Australia will convene a two-day meeting beginning Monday to reassess copyright settings in light of AI training practices. Officials have already ruled out a free text-and-data-mining (TDM) exception, signaling a shift toward paid access and stronger enforcement.

The Attorney-General's Department said the session will be led by the Copyright and AI Reference Group, bringing in voices from tech and the creative sectors. The goal: protect creators while keeping room for innovation.

What's on the table

  • No TDM exception for AI training. AI developers won't get free use of protected works.
  • Exploring a licensing pathway under the Copyright Act so model training triggers payment to rightsholders.
  • Lowering cost and friction of enforcement to help creators act against unlicensed use.
  • No relaxation of existing copyright rules. As stated, the plan is to balance incentives for creators and developers, not weaken protection.

Why this matters for in-house and outside counsel

  • Anticipate licensing negotiations: model training, dataset ingestion, embeddings, and derivative use will need explicit terms and audit rights.
  • Data governance: advise AI clients to inventory training sources, document provenance, and segregate high-risk content.
  • Enforcement posture: expect faster, cheaper remedies; prepare claim templates, evidence capture workflows, and API-level monitoring.
  • Territoriality: clarify whether Australian-sourced data triggers obligations for offshore training runs and cross-border data flows.
  • Contracts: update supplier and research agreements to cover TDM, caching, model outputs, indemnities, and sunset/retention duties.

The fault lines

Creators say current law didn't anticipate model training on massive, often protected datasets-and they want compensation baked in. Tech stakeholders warn that overly tight rules will slow progress and put Australia behind peers.

"AI systems rely on large volumes of data, much of which is created by human effort and creativity," said Michelle Rowland. She added that the tech and creative industries need a compromise that works for both sides.

How Australia's stance compares

Countries like Japan and Singapore allow limited TDM exceptions. Australia's decision to withhold a broad exception moves it closer to a paid-use framework. If a licensing mechanism lands, expect standardized rates, collective management discussions, and compliance audits to follow.

For context on current policy settings, see the Attorney-General's Department overview of copyright policy here.
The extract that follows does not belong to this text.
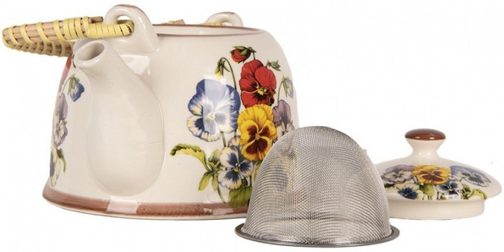 Clayre & Eef Krémová konvička s maceškami a se sítkem 18x14x12 cm 800 ml
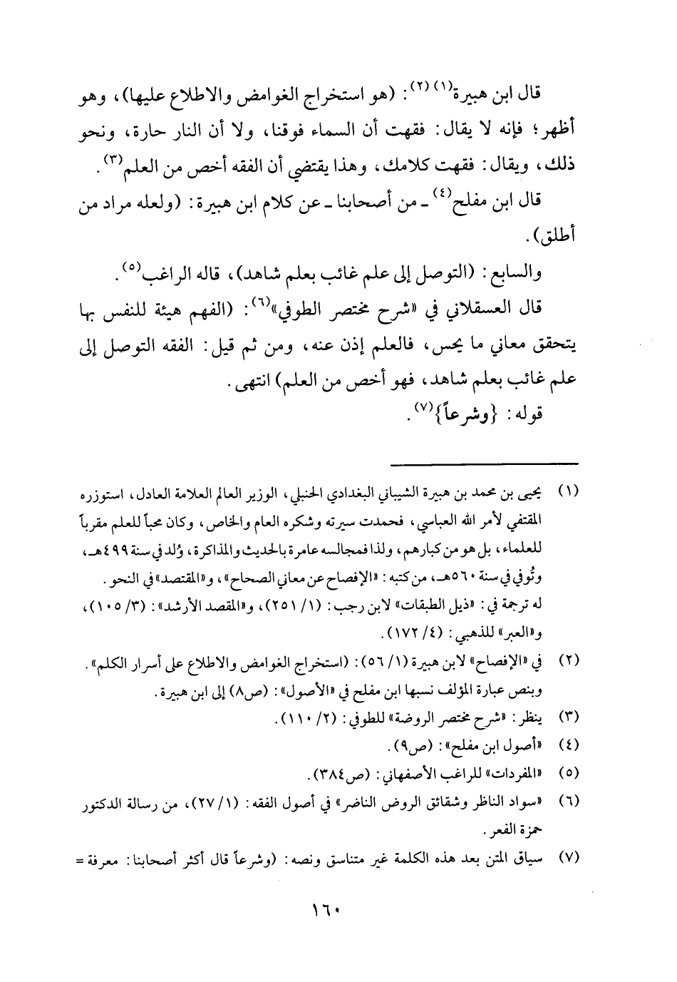 قَالَ ابْن هُبَيْرَة: (هُوَ اسْتِخْرَاج الغوامض والاطلاع عَلَيْهَا) ، وَهُوَ أظهر؛ فَإِنَّهُ لَا يُقَال: فقهت أَن السَّمَاء فَوْقنَا، وَلَا أَن النَّار حارة، وَنَحْو ذَلِك، وَيُقَال: فقهت كلامك، وَهَذَا يَقْتَضِي أَن الْفِقْه أخص من الْعلم.

Action items before the meeting wraps

  • Rightsholders: compile registries of works, confirm ownership chains, and flag high-value catalogs for priority licensing.
  • AI developers: pause unlicensed ingestion of protected corpora; document consent, licenses, and opt-outs for existing datasets.
  • Both sides: draft model clauses for training rights, data lineage, output restrictions, and compliance audits.
  • Prepare submissions: be ready to engage the Reference Group with pragmatic proposals on rates, safe harbors, and dispute resolution.

What to watch next

  • Whether the Copyright Act will expressly recognize training-use licenses and collective administration.
  • Procedural reforms that cut costs for takedowns, discovery, and injunctions against unlicensed use.
  • Any carve-outs for research or public-interest uses-and how "publicly available" will be treated.